[Lilith by George MacDonald]@TWC D-Link bookLilith CHAPTER XXXIII 5/16
Knowing therefore how strong as well as wise and docile some of them were, and how swift as well as manageable many others, they now set themselves to secure their aid against the giants, and with loving, playful approaches, had soon made more than friends of most of them, from the first addressing horse or elephant as Brother or Sister Elephant, Brother or Sister Horse, until before long they had an individual name for each.
It was some little time longer before they said Brother or Sister Bear, but that came next, and the other day she had heard one little fellow cry, "Ah, Sister Serpent!" to a snake that bit him as he played with it too roughly.
Most of them would have nothing to do with a caterpillar, except watch it through its changes; but when at length it came from its retirement with wings, all would immediately address it as Sister Butterfly, congratulating it on its metamorphosis--for which they used a word that meant something like REPENTANCE--and evidently regarding it as something sacred.

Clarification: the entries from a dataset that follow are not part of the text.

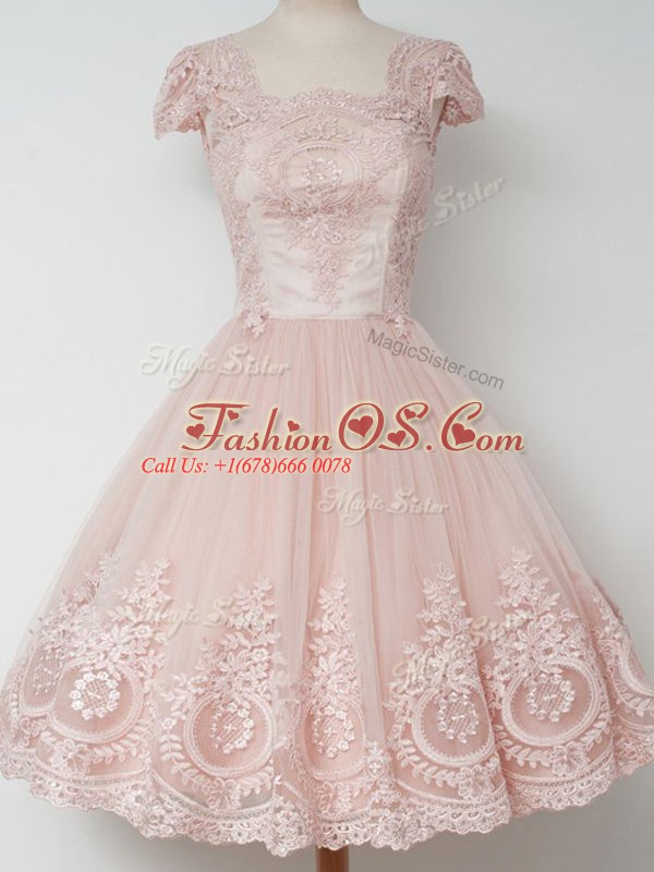Home >  Bridesmaid Dresses >  Hot Sale Bridsmaid Dresses > Deluxe Peach Zipper Square Lace Wedding Party Dress Tulle Cap Sleeves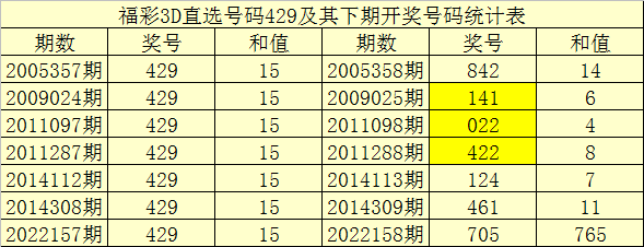 一、开奖回顾:第2022157期福彩3D奖号为429。奖号奇偶比为1:2,和值为:15,跨度为:7。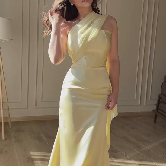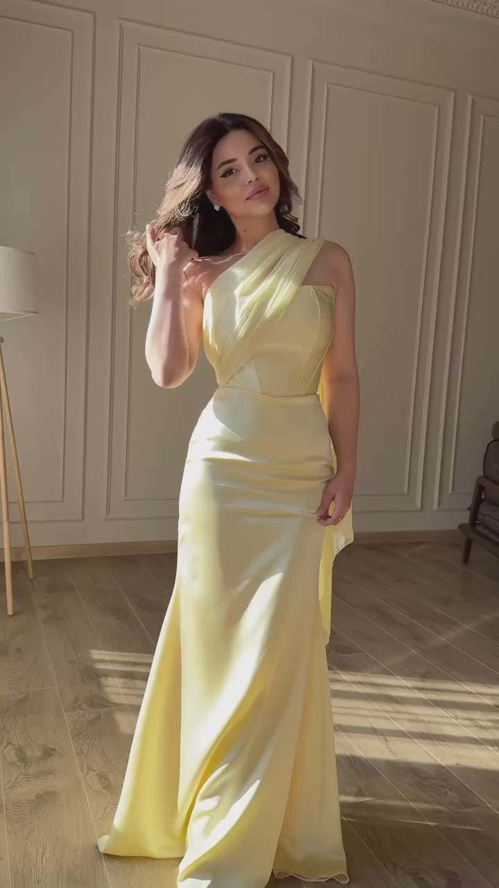Make an unforgettable entrance in this vibrant yellow gown that radiates confidence and charisma. The asymmetrical one-shoulder design creates an arresting silhouette that's both modern and daring, while the sleeveless cut showcases your shoulders with bold sophistication. The floor-length sheath hugs your form with precision, creating a striking vertical line that elongates and empowers. This is the dress for those unafraid to stand out—a fearless statement piece that transforms any formal event into your personal runway.
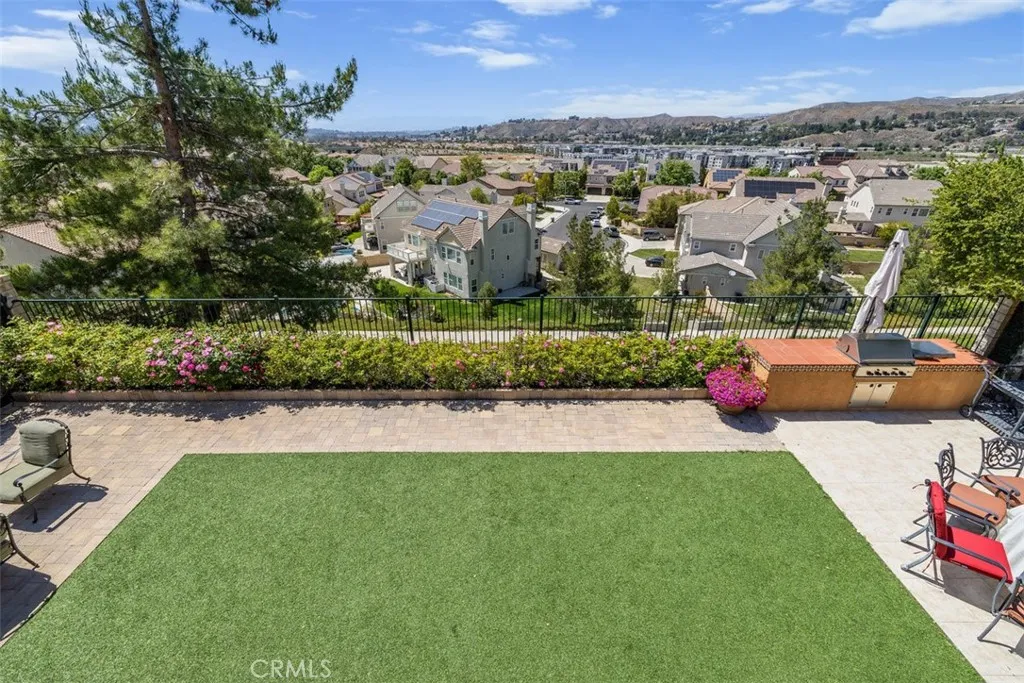 Once a Model, now a Supermodel. Luxury living is elevated in this stunning 5-bedroom, 4-bath home that has gone from model home to absolute supermodel status. Carefully curated for those who crave the perfect blend of function and opulence, every inch of this residence is designed to impress. Step inside through a custom wrought iron front door and be greeted by imported Spanish tile inlay floors and a luminous Schonbek crystal chandelier. The open-concept layout flows into a designer kitchen featuring a dramatic black Galaxy granite backsplash, oversized island, walk-in pantry, and built-in wine fridge—perfect for both daily living and entertaining in style. Serve up gourmet meals in the formal dining room complete with a cozy fireplace. Downstairs offers a private bedroom and full bath, ideal for guests or multi-generational living. Let the outdoors in when you open up 4-panel Fleetwood type glass doors that lead to a raised tile patio and a professionally landscaped low maintenance backyard. Entertain with a custom BBQ and an electric patio sunscreen—all while enjoying panoramic city views. Upstairs, find a spacious in-law suite with a mini kitchenette, a large loft for flexible living, and a laundry room for added convenience. The expansive primary suite includes its own balcony, spa like bath with separate tub and shower, dual vanities and walk in closet. It's your own private retreat above it all. Other premium features include, elegant chandeliers in both the living and dining rooms LED accent lighting for art throughout the downstairs, a 3-car garage and newer custom landscaping. This home isn’t just beautiful—it’s built to impress. From its showstopping finishes to its thoughtful floorplan, it truly is a supermodel in the world of luxury homes.

One moonlit evening, as they were going to gather their fruit, they came upon a woman seated on the ground with a baby in her lap--the woman I had met on my way to Bulika.
They took her for a giantess that had stolen one of their babies, for they regarded all babies as their property.
Filled with anger they fell upon her multitudinously, beating her after a childish, yet sufficiently bewildering fashion.